Even if the deal is restored, the lingering distrust will cast a shadow over future talks and could make Iran resistant to the Biden administration’s long-term goal of a broader security arrangement. And by negotiating hard in Vienna over restoring a deal previously agreed to in 2015, Iran will also be sending a signal that any discussion of follow-on arrangements would be much harder, those former U.S. officials say.
European diplomats have said that any U.S. effort in Vienna to nail down Tehran’s commitment to participate in future negotiations could push Iran away from the table.
The Biden administration hasn’t said Iran must commit to engage in talks on follow-on arrangements as a condition for restoring the 2015 deal. Yet if Washington doesn’t extract an Iranian promise to engage in such discussions before the 2015 deal is revived, it could surrender some of its biggest leverage—sanctions—to lure Tehran into those future talks, some former U.S. officials say.

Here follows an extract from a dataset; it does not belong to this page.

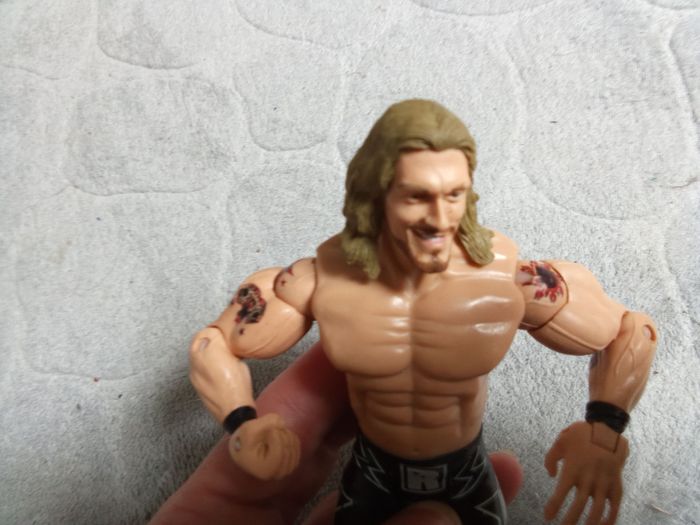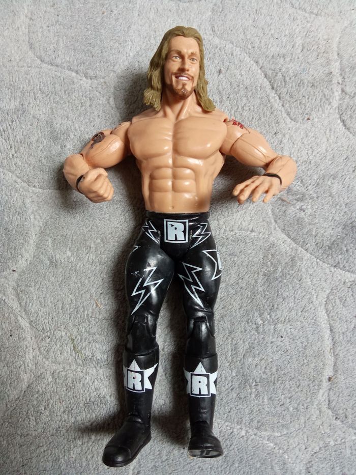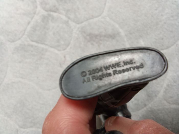Figurine de catch WWE de 2004 articulée, qq traces d'utilisation mais bon état général. Une autre figurine mais joueur de foot messy également à vendre ds mon dressing et réduction activée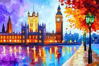 Big Ben en de Houses of Parliament in Londen in de stijl van een impressionistisch schilderij

Tehran hasn’t formally ruled out a follow-up accord on its nuclear activities if it would get more benefits in return. But negotiating limits on Iran’s missile program, which Tehran says is needed as a counterweight to the superior air forces of the Arab Gulf states and Israel, is a “non-starter,” according to Hossein Mousavian, a former Iranian nuclear negotiator, now with Princeton University.
“Since the U.S. broke its promise, it needs to first restore the trust by correctly implementing the agreed deal, and then raise other disputed issues,” he said.
“Considering the broken promises of the U.S. and Europe, when it comes to military issues, even reformist voices are against giving concessions,” Abolfazl Amouei, spokesman for the national security and foreign policy commission in Iran’s parliament, said in an interview.
—Aresu Eqbali and Laurence Norman contributed to this article.